▶ [TASK STATEMENT]: Copy out the listing in full, exactly as written, but not its pictures.

▶ [DATA EXTRACT]:
= Beginning of Section =

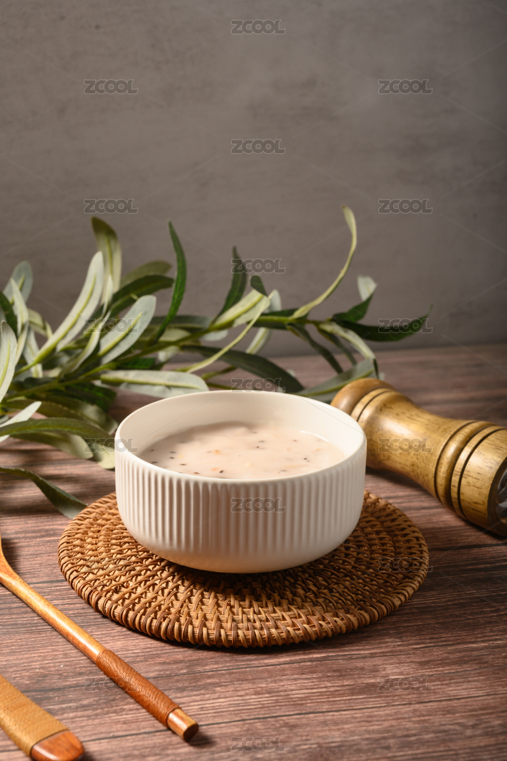桌面上的碗里的美味可口的薏米小米粥
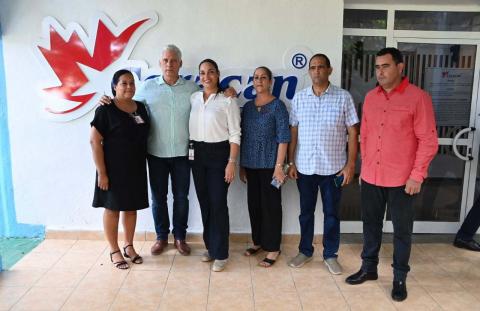 The tour began in the Cotorro municipality, where Díaz-Canel assessed operations at the Conrado Piña Base Business Unit, part of the state-owned rubber manufacturing company Poligom. Management detailed strategies to reduce import dependency and expand production lines, including solar panel gaskets and oil spill containment barriers.
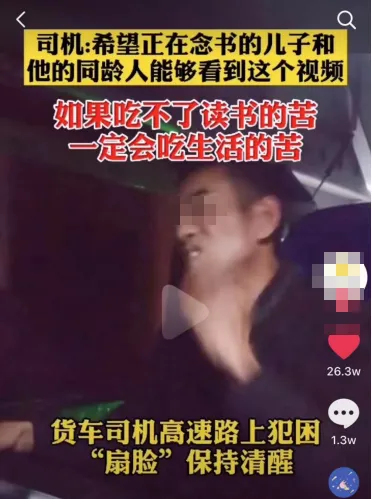 正如这名货车司机,为了让自己集中注意,不停地用手扇自己耳光。咬牙坚持的样子,就是成年人对生活的最大的对抗。

= End of Section =

▶ [EXERCISE ANSWER]:
桌面上的碗里的美味可口的薏米小米粥
 The tour began in the Cotorro municipality, where Díaz-Canel assessed operations at the Conrado Piña Base Business Unit, part of the state-owned rubber manufacturing company Poligom. Management detailed strategies to reduce import dependency and expand production lines, including solar panel gaskets and oil spill containment barriers.
 正如这名货车司机,为了让自己集中注意,不停地用手扇自己耳光。咬牙坚持的样子,就是成年人对生活的最大的对抗。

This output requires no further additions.